| PROBLEM REQUIREMENTS |
Below is a listing; retype exactly the line with "Нет проблем с" and every line after it through the end, and only those, leaving out the pictures.

| PROVIDED DATA |
● ● ● ●

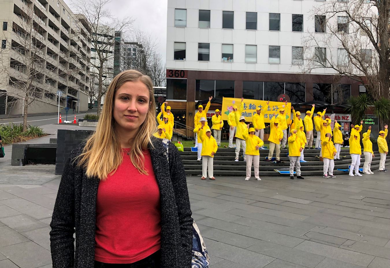 莎万娜·珀斯特尔(Savanna Postel)在奥克兰一家医疗机构工作,她来自新西兰的激流岛。好多年前,法轮功学员去那里介绍功法的时候,她就听闻了真相。她有时也打坐冥想。看见学员们在炼功时,她说:“我能感受到他们的念力都很集中,并且整个炼功场融为一体。这是用一种非常平和的方式来传播真相,我希望他们都能够达到心中所期望的目标,帮助更多的人。虽然真相被中共掩盖,但是他们不可能阻止人们之间的传播,也不可能让人不说话。活摘人体器官,真是太让人恶心(disgusting),非常恐怖(horrified),真不知道这种事是怎么发生的!”最后莎万娜表示,她非常愿意把知道的真相告诉她的亲朋好友和医疗界的同事们。
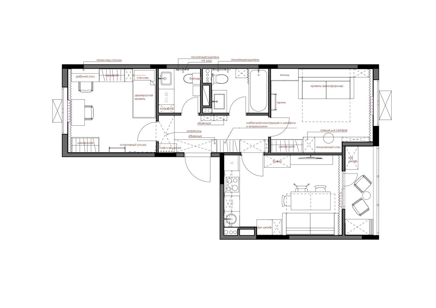 Нет проблем с хранением: 54 м² для семьи с 2 детьмиДизайн
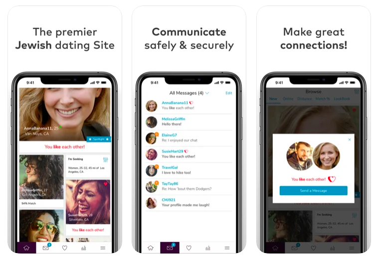 Jdate has an app that is available on both iOS and Android. The app matches the simple and accessible interface of their website and includes all of the same features as the website, including instant messaging and LookBook.
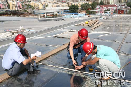 中鐵建工集團技術人員正在對北京南站太陽能光伏電池板進行單體測試

● ● ● ●

| EXPECTED OUTPUT |
 Нет проблем с хранением: 54 м² для семьи с 2 детьмиДизайн
 Jdate has an app that is available on both iOS and Android. The app matches the simple and accessible interface of their website and includes all of the same features as the website, including instant messaging and LookBook.
 中鐵建工集團技術人員正在對北京南站太陽能光伏電池板進行單體測試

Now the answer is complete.